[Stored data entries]
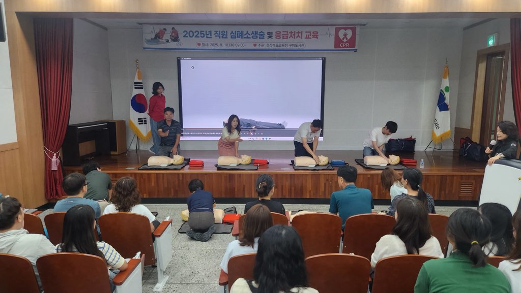 □ 경상북도교육청 구미도서관(관장 최선지)은 9월 10일(수)에 도서관 시청각실에서 전 직원들 대상으로 심폐소생술(CPR) 및 응급처치 교육을 실시했다.
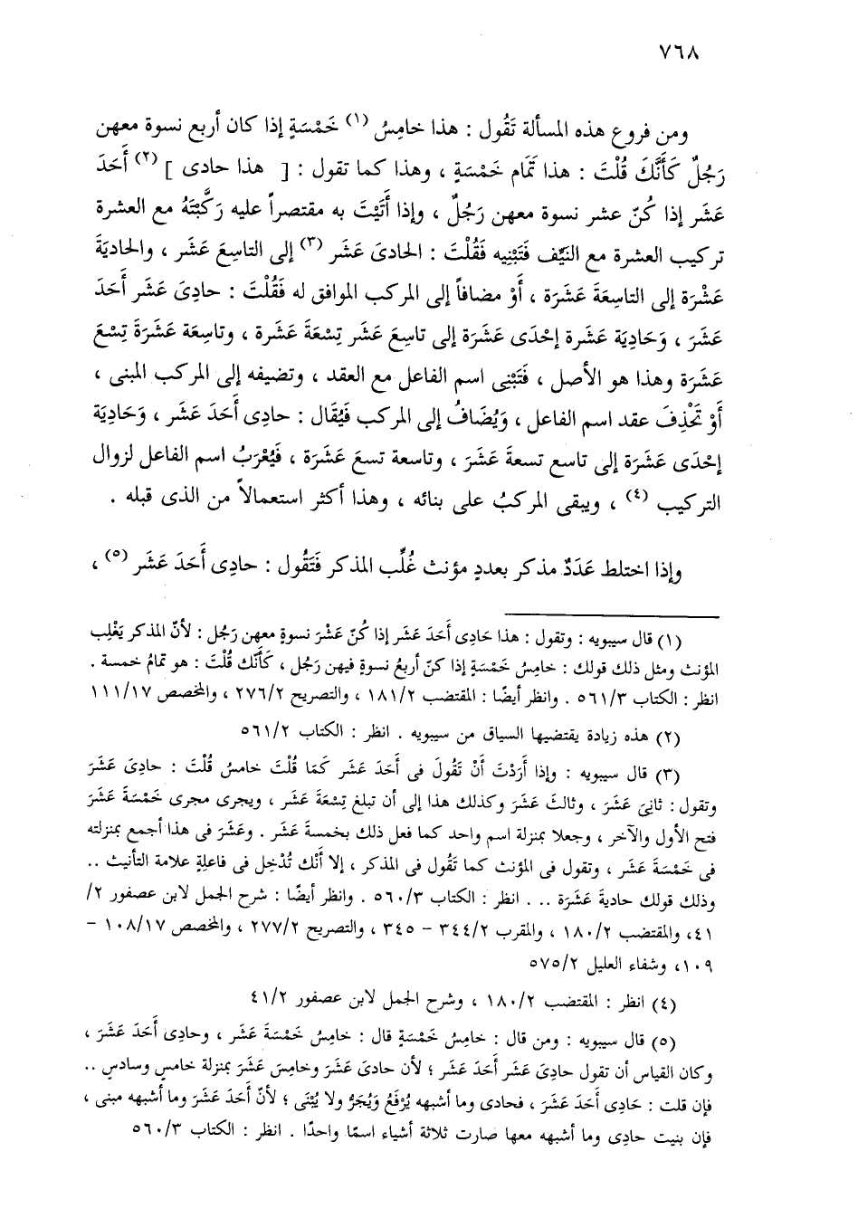 ومن فروع هذه المسألة تقول: هذا خامس خمسة إذا كان أربع نسوة معهن رجل كأنك قلت: هذا تمام خمسة، وهذا كما تقول: [هذا حادي] أحد عشر إذا كن عشر نسوة معهن رجل، وإذا أتيت به مقتصرًا عليه ركبته مع العشرة تركيب العشرة مع النيف فتبنيه فقلت: الحادي عشر إلى التاسع عشر، والحادية عشرة إلى التاسعة عشرة، أو مضاعفًا إلى المركب الموافق له فقلت: حادي عشر أحد عشر، وحادية عشرة إحدى عشرة إلى تاسع عشر تسعة عشرة، وتاسعة عشرة تسع عشرة وهذا هو الأصل، فتبنى اسم الفاعل مع العقد، وتضيفه إلى المركب المبني، أو تحذف عقد اسم الفاعل، ويضاف إلى المركب فيقال: حادي أحد عشر، وحادية إحدى عشرة إلى تاسع تسعة عشر، وتاسعة تسع عشر، فيعرب اسم الفاعل لزوال التركيب، ويبقى المركب على بنائه، وهذا أكثر استعمالاً من الذي قبله.
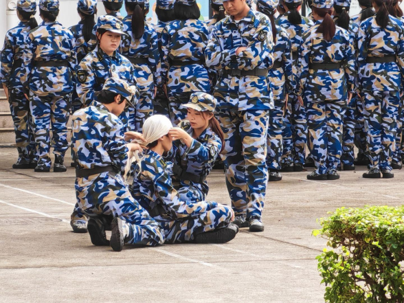 格斗训练里,新生们出拳利落、格挡有力,尽显少年果敢;投掷练习时,他们反复调整姿势、找准发力点,让每一次投掷都更靠近目标;医疗救护课上,他们用指尖翻飞叠三角巾,在实操中读懂生命的重量。
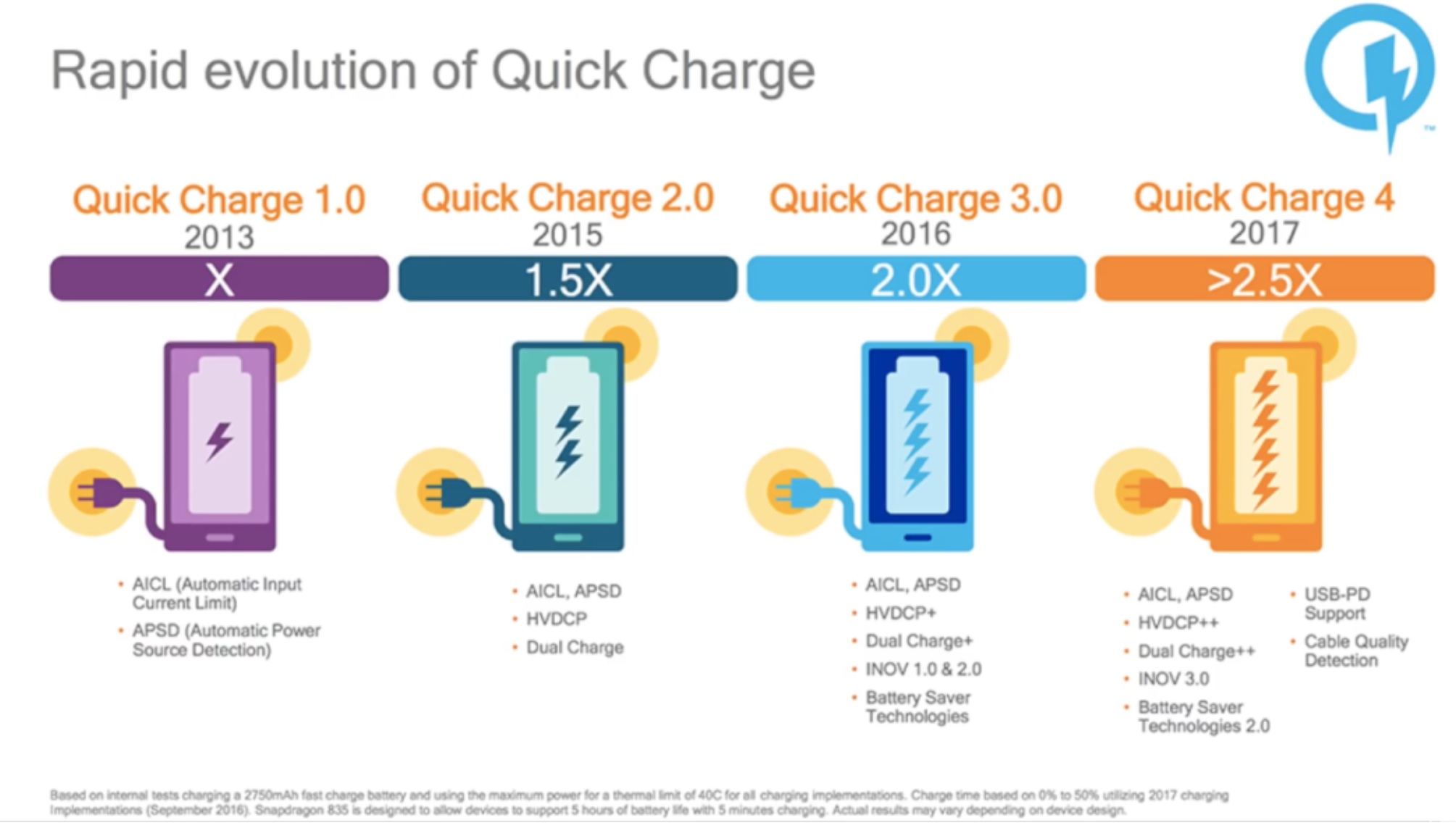 - 高通的QC快充(9V/2A,4~12/3A);QC快充协议,全称Quick Charge,是高通公司发布的快充技术,到今天,已经经历了5代,来到了QC 4.0+。由于是手机芯片的龙头大哥,所以高通很早就在自家芯片商集成了快充协议,但是很多非高通处理器的手机也是可以支持QC快充协议,因为PD快充协议兼容QC协议。QC 2.0,开启了高电压充电时代,提供了5V、9V、12V、20V四组电压档位;QC 3.0时代,细化到以0.2V为一档调整;QC 4.0支持3.6-20V波动电压(接口要求必须为USB C);QC 4.0+在4.0的基础上兼容QC3.0和QC2.0。除了QC 4.0只兼容PD协议以外,QC 2.0、QC 3.0、QC 4.0+都是向下兼容低版本。
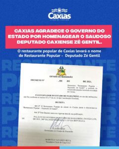 “O Restaurante Popular da cidade de Caxias passa a denomina-se “Restaurante Popular – Deputado Zé Gentil”, diz o Artigo 1° do decreto assinado pelo governador Flávio Dino.
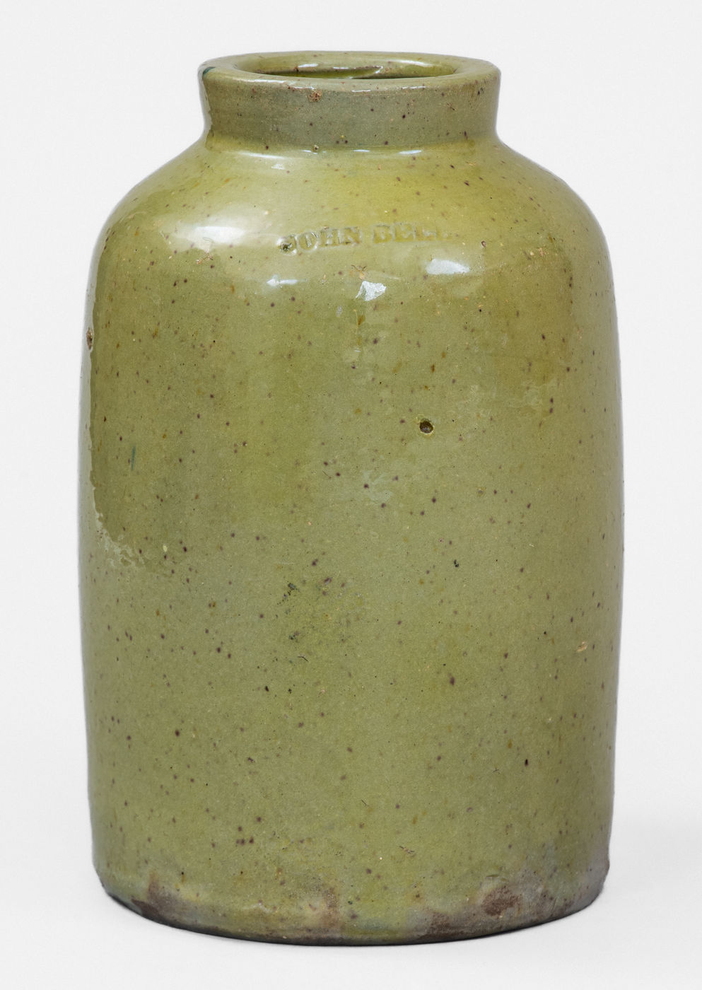 ×Scarce JOHN BELL, Waynesboro, PA Copper-Glazed Stoneware Canning Jar, c1840-80
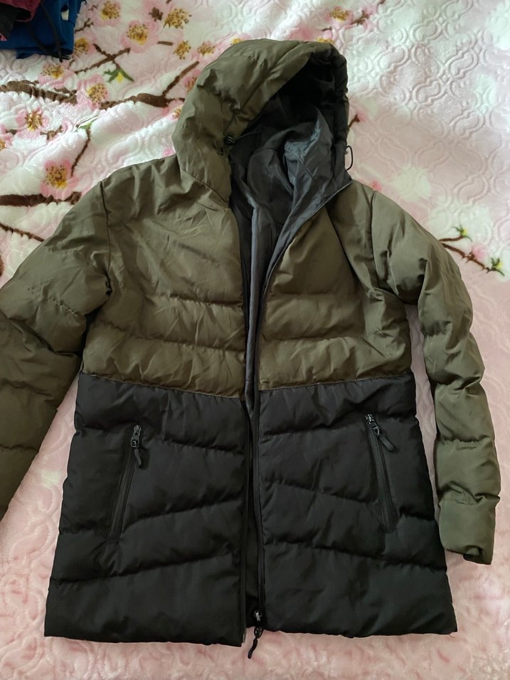 Kahverengi, fermuarlı, kapüşonlu kadın kış montu. Uzun kollu, orta boy, yumuşak ve sıcak kumaştan, günlük kullanıma uygun rahat sokak stili.
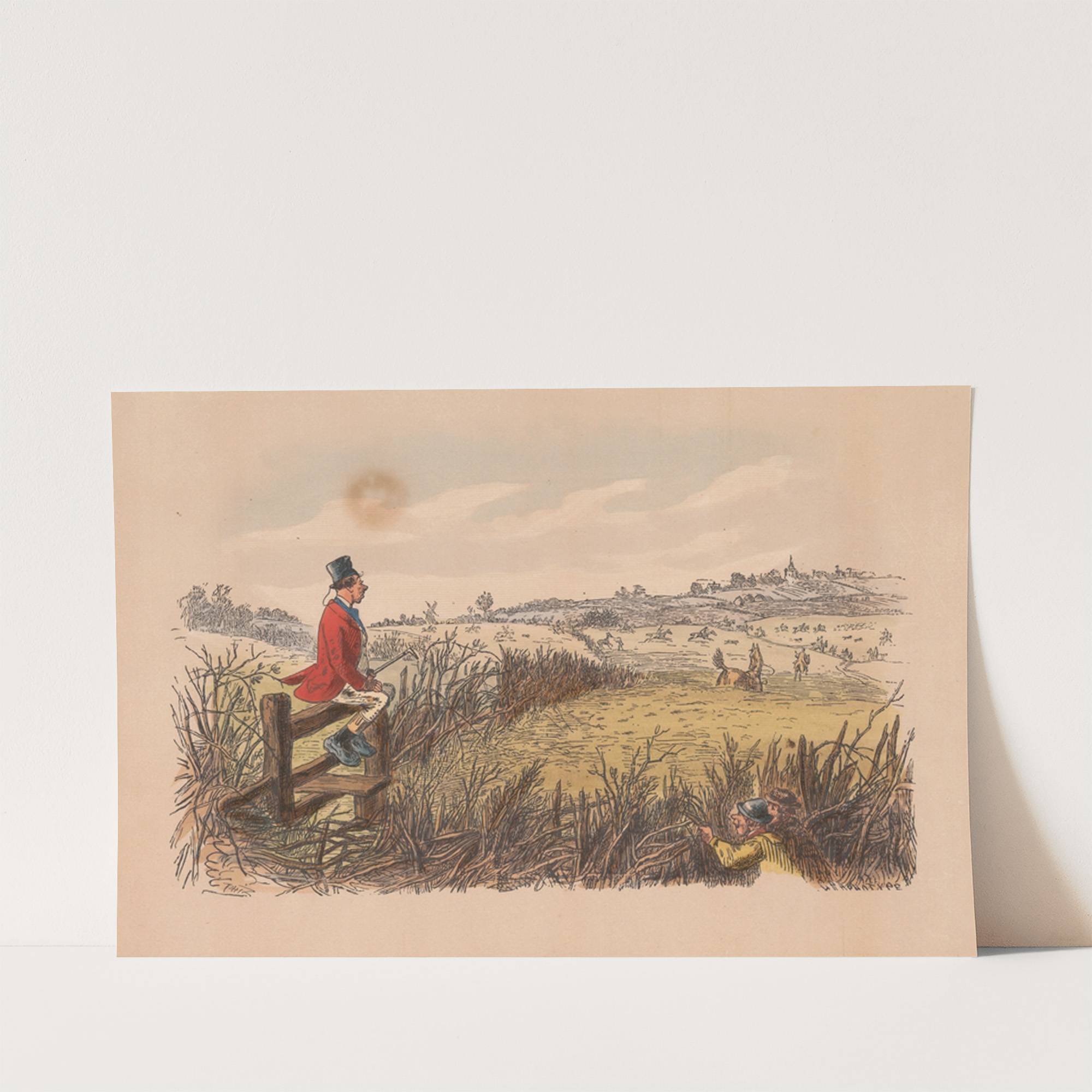 Fox-Hunting Sketches; No. 7. ‘The very best run of the season’ – and Tommy Dumphty has a capital view of it by Hablot Knight Browne - Wall Art Print
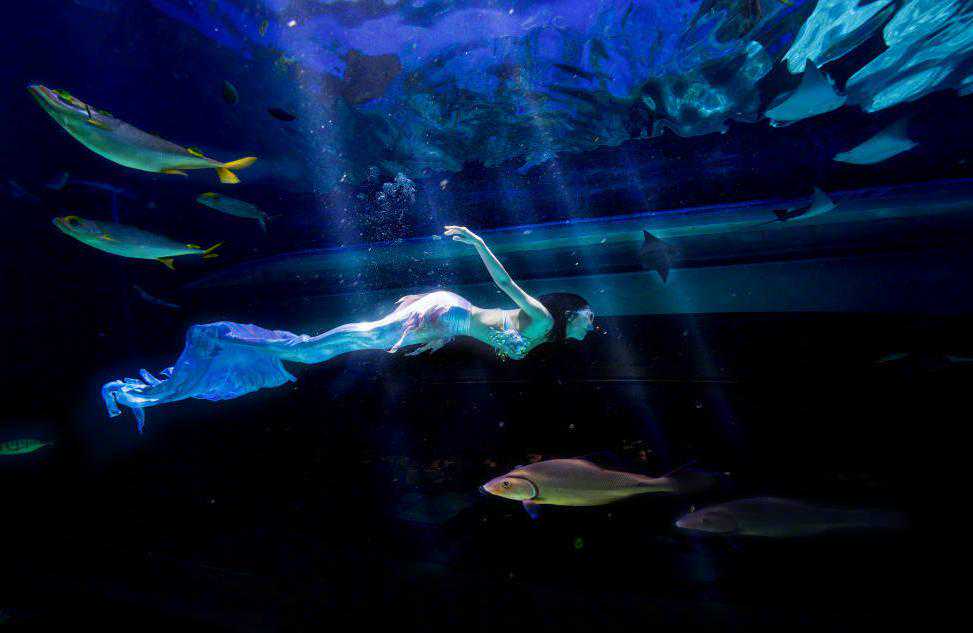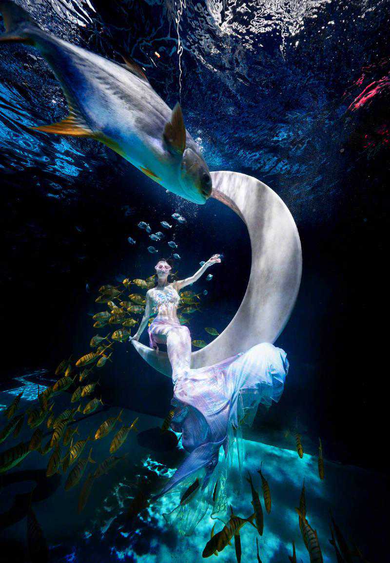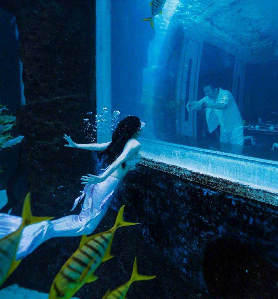 七夕美人鱼装扮潜水与鱼群玩耍!黄圣依展现仙境般的潜水之旅
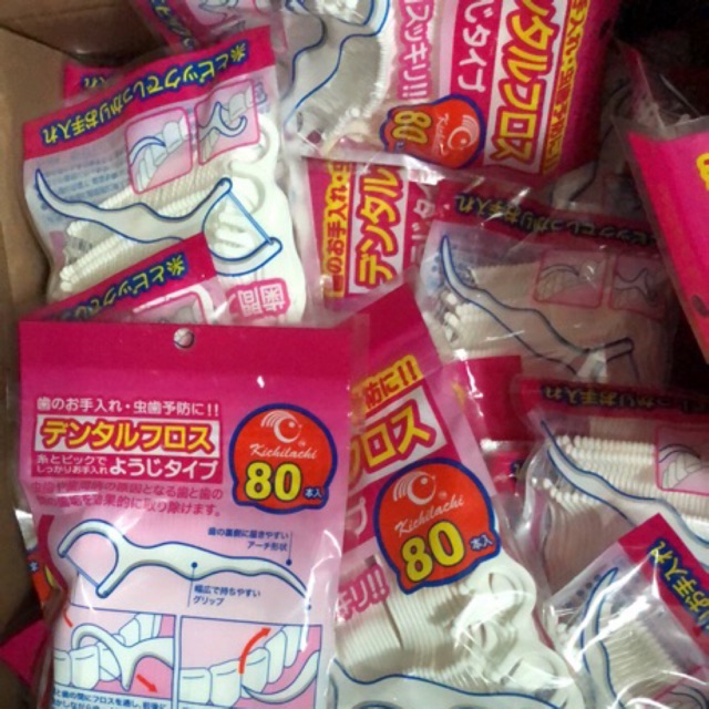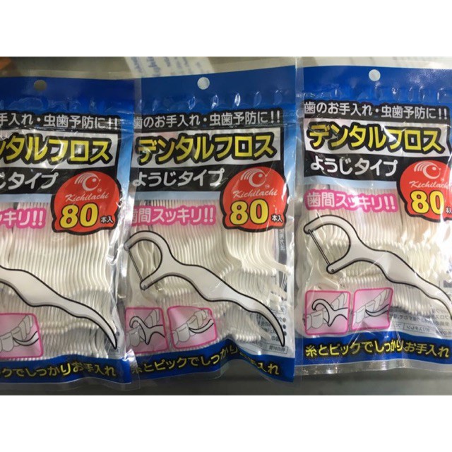 Tăm Chỉ Nha Khoa Nhật (Gói 80 Chiếc) màu xanh và Hồng
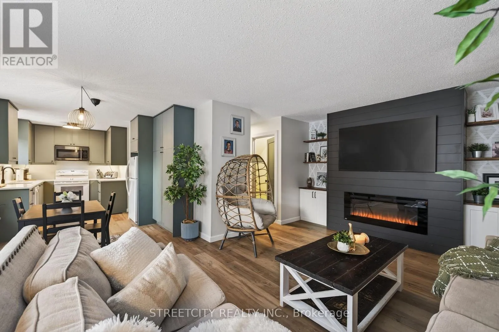 Stylish 3 bedroom, 1.5 bathroom townhouse offering comfortable, low maintenance living in Northwest London. The fabulous kitchen features modern cabinetry, clean finishes, and a functional layout, opening to a bright dining and living area with updated flooring and a striking fireplace feature wall that adds warmth and character. A patio door leads to a private courtyard patio providing private outdoor
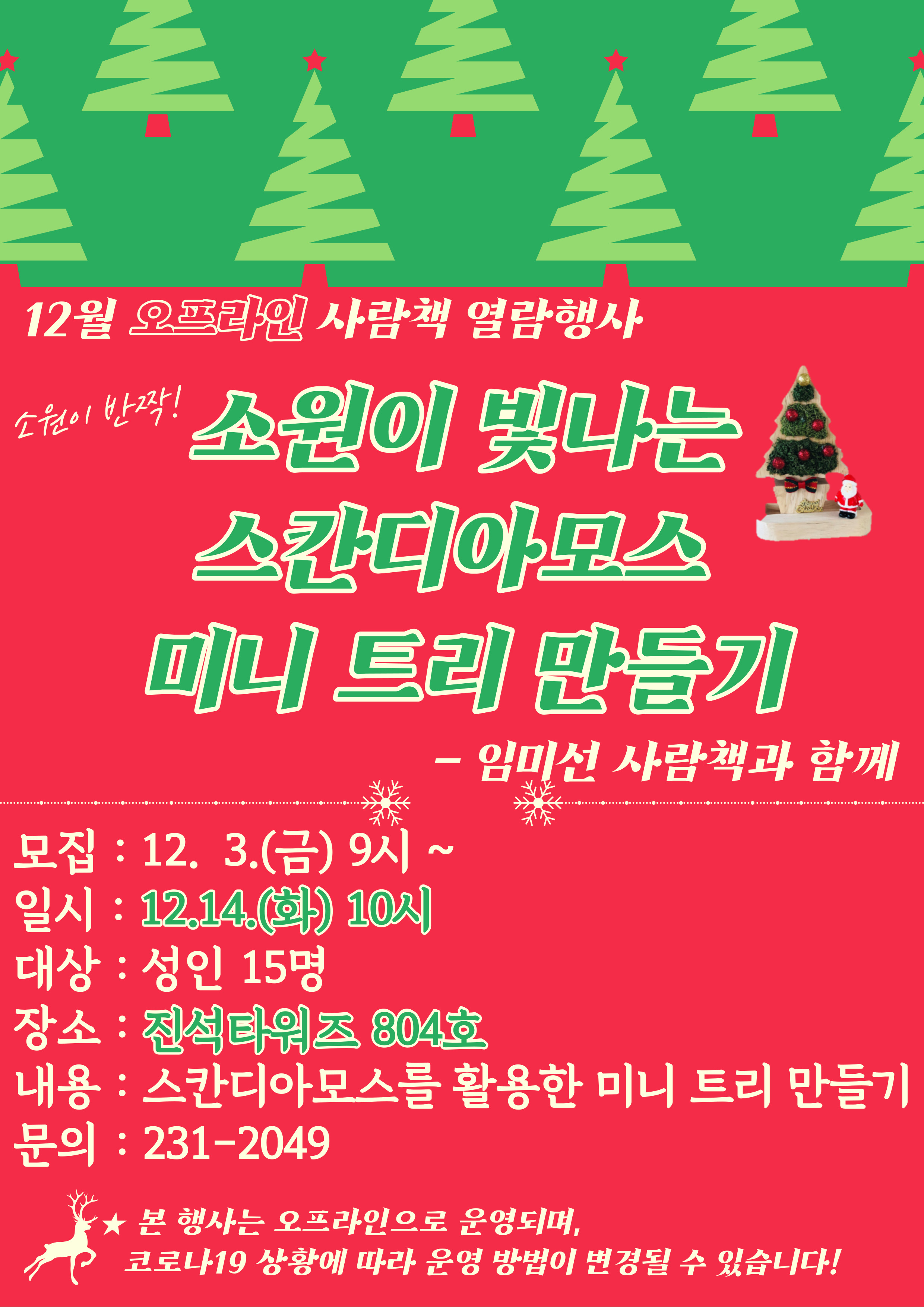 이번 사람책 열람행사에서는 목공 전문가인 임미선 사람책과 함께 곧 다가올 크리스마스의 설렘을 느끼며 공기 정화 기능이 있는 천연 이끼인 스칸디아모스를 활용한 미니 트리를 만들고 소원을 비는 시간을 가질 예정이다.

● **Work instructions**: With the pictures left aside, write out all of the records above exactly.

● **Answer to the exercise**:
 □ 경상북도교육청 구미도서관(관장 최선지)은 9월 10일(수)에 도서관 시청각실에서 전 직원들 대상으로 심폐소생술(CPR) 및 응급처치 교육을 실시했다.
 ومن فروع هذه المسألة تقول: هذا خامس خمسة إذا كان أربع نسوة معهن رجل كأنك قلت: هذا تمام خمسة، وهذا كما تقول: [هذا حادي] أحد عشر إذا كن عشر نسوة معهن رجل، وإذا أتيت به مقتصرًا عليه ركبته مع العشرة تركيب العشرة مع النيف فتبنيه فقلت: الحادي عشر إلى التاسع عشر، والحادية عشرة إلى التاسعة عشرة، أو مضاعفًا إلى المركب الموافق له فقلت: حادي عشر أحد عشر، وحادية عشرة إحدى عشرة إلى تاسع عشر تسعة عشرة، وتاسعة عشرة تسع عشرة وهذا هو الأصل، فتبنى اسم الفاعل مع العقد، وتضيفه إلى المركب المبني، أو تحذف عقد اسم الفاعل، ويضاف إلى المركب فيقال: حادي أحد عشر، وحادية إحدى عشرة إلى تاسع تسعة عشر، وتاسعة تسع عشر، فيعرب اسم الفاعل لزوال التركيب، ويبقى المركب على بنائه، وهذا أكثر استعمالاً من الذي قبله.
 格斗训练里,新生们出拳利落、格挡有力,尽显少年果敢;投掷练习时,他们反复调整姿势、找准发力点,让每一次投掷都更靠近目标;医疗救护课上,他们用指尖翻飞叠三角巾,在实操中读懂生命的重量。
 - 高通的QC快充(9V/2A,4~12/3A);QC快充协议,全称Quick Charge,是高通公司发布的快充技术,到今天,已经经历了5代,来到了QC 4.0+。由于是手机芯片的龙头大哥,所以高通很早就在自家芯片商集成了快充协议,但是很多非高通处理器的手机也是可以支持QC快充协议,因为PD快充协议兼容QC协议。QC 2.0,开启了高电压充电时代,提供了5V、9V、12V、20V四组电压档位;QC 3.0时代,细化到以0.2V为一档调整;QC 4.0支持3.6-20V波动电压(接口要求必须为USB C);QC 4.0+在4.0的基础上兼容QC3.0和QC2.0。除了QC 4.0只兼容PD协议以外,QC 2.0、QC 3.0、QC 4.0+都是向下兼容低版本。
 “O Restaurante Popular da cidade de Caxias passa a denomina-se “Restaurante Popular – Deputado Zé Gentil”, diz o Artigo 1° do decreto assinado pelo governador Flávio Dino.
 ×Scarce JOHN BELL, Waynesboro, PA Copper-Glazed Stoneware Canning Jar, c1840-80
 Kahverengi, fermuarlı, kapüşonlu kadın kış montu. Uzun kollu, orta boy, yumuşak ve sıcak kumaştan, günlük kullanıma uygun rahat sokak stili.
 Fox-Hunting Sketches; No. 7. ‘The very best run of the season’ – and Tommy Dumphty has a capital view of it by Hablot Knight Browne - Wall Art Print
 七夕美人鱼装扮潜水与鱼群玩耍!黄圣依展现仙境般的潜水之旅
 Tăm Chỉ Nha Khoa Nhật (Gói 80 Chiếc) màu xanh và Hồng
 Stylish 3 bedroom, 1.5 bathroom townhouse offering comfortable, low maintenance living in Northwest London. The fabulous kitchen features modern cabinetry, clean finishes, and a functional layout, opening to a bright dining and living area with updated flooring and a striking fireplace feature wall that adds warmth and character. A patio door leads to a private courtyard patio providing private outdoor
 이번 사람책 열람행사에서는 목공 전문가인 임미선 사람책과 함께 곧 다가올 크리스마스의 설렘을 느끼며 공기 정화 기능이 있는 천연 이끼인 스칸디아모스를 활용한 미니 트리를 만들고 소원을 비는 시간을 가질 예정이다.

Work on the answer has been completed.